February 21, 2013
Guilty Pleas From Foreign Subsidiaries
Posted by David Zaring

Ben Protess reports that the government is increasingly looking for guilty pleas in misconduct that occured after the financial crisis.  But because some guilty pleas are company killers, they are getting them from foreign subsidiaries.  It's a strange compromise between imposing responsibilility and avoiding economic disruption.  Some thoughts:

  • This is a total adaption of the government's foreign corruption enforcement strategy, which has invovlved obtaining guilty pleas from foreign subs for a while now.  And that just shows how big a deal foreign corruption cases are right now.  They are literally setting the template for the regulation of the rest of Wall Street wrongdoing.

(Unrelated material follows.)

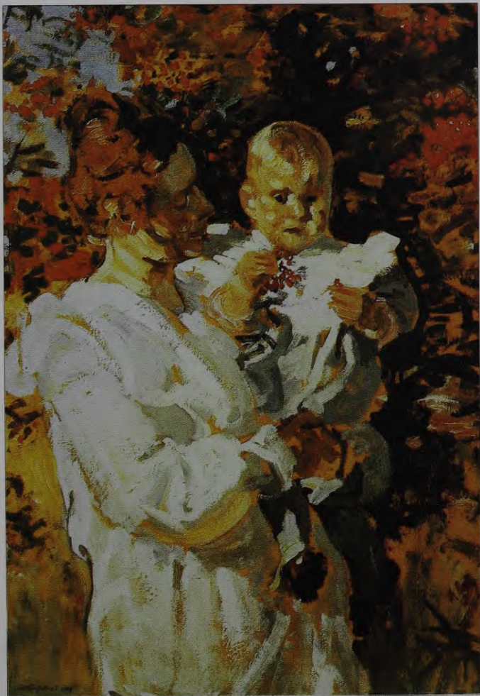
29. J. Rozentāls. Zem pīlādža. 1905

  • Company guilty pleas are strange things.  They  either mean nothing - corporate persons don't feel bad for being convicted, can't be put in jail, and absent alternative consequences, would you rather your closely held corporation paid a fine, or stood up in court and said "I did it"?  Or they mean far too much - an auditor like Arthur Andersen could literally no longer audit after it was convicted of a crime.
  • Which is why I think truly serious prosecution is all about individual responsibility.  This middle ground isn't quite the get tough attitude that insistence on pleas from natural, rather than corporate, persons would be.